ABOUT THIS EXERCISE ▸ Word for word, please restate the line that contains "La tasa de penetración" and all lines after it through the end of the material, minus the pictures.

TASK INPUTS ▸
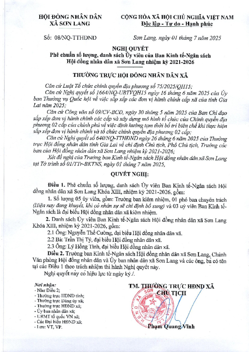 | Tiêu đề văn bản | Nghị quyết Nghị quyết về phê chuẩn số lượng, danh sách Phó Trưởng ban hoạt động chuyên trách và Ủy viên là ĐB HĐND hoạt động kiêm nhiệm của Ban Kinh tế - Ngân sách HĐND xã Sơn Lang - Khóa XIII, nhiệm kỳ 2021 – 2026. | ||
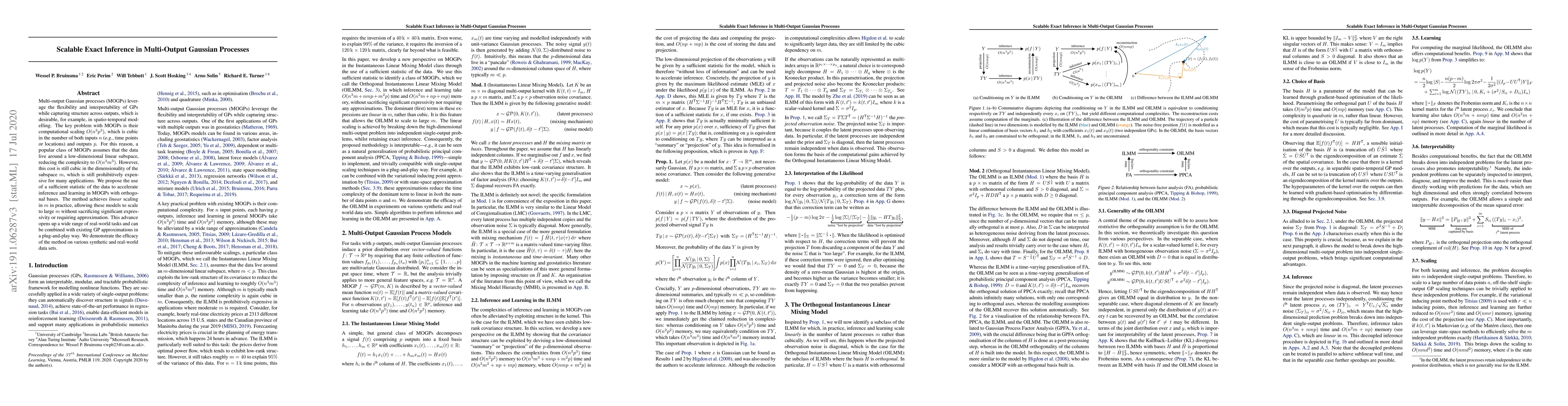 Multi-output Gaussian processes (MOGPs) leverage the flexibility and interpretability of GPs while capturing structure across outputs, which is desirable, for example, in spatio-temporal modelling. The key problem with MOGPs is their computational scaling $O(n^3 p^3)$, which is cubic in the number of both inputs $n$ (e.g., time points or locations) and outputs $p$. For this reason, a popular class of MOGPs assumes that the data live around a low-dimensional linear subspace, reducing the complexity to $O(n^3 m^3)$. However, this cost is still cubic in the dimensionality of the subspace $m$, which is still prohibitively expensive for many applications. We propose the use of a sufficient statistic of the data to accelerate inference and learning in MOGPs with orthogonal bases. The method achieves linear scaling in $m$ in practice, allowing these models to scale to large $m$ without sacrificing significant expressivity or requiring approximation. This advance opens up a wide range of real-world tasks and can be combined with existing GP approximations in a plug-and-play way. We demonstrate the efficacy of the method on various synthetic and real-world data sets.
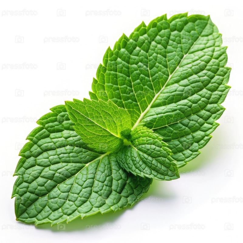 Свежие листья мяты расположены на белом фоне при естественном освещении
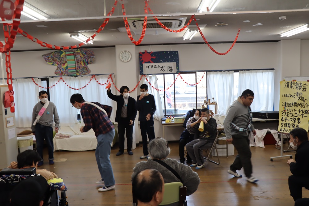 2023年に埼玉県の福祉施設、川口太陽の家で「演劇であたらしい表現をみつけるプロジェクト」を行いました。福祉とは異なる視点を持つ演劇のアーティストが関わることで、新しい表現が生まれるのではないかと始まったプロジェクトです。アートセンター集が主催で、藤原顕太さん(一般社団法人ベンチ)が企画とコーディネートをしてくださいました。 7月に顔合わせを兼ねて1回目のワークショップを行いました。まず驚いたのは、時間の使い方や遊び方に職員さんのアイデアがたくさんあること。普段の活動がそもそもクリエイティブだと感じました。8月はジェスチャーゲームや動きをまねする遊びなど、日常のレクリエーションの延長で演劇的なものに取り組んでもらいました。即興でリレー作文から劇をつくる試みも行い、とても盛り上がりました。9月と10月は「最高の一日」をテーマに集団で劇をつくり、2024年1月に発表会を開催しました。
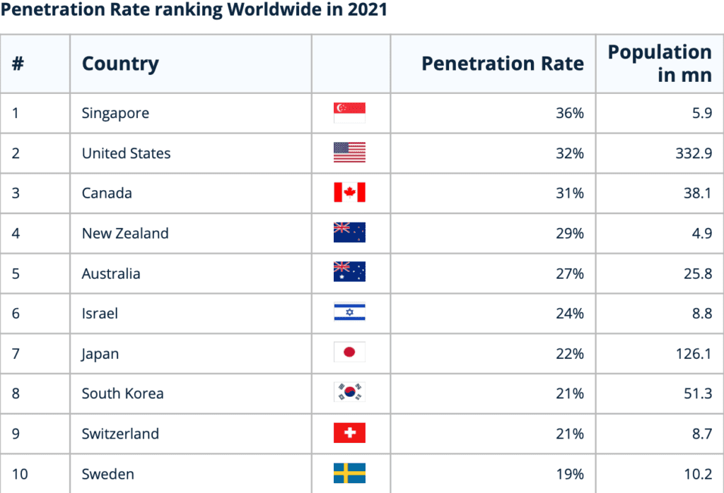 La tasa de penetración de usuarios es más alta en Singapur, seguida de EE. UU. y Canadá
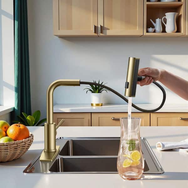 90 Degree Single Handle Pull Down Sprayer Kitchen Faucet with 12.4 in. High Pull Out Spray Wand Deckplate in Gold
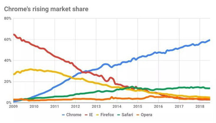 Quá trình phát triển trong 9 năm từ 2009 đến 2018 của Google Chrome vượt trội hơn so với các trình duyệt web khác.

ANSWER FOR THE TASK ▸
 La tasa de penetración de usuarios es más alta en Singapur, seguida de EE. UU. y Canadá
 90 Degree Single Handle Pull Down Sprayer Kitchen Faucet with 12.4 in. High Pull Out Spray Wand Deckplate in Gold
 Quá trình phát triển trong 9 năm từ 2009 đến 2018 của Google Chrome vượt trội hơn so với các trình duyệt web khác.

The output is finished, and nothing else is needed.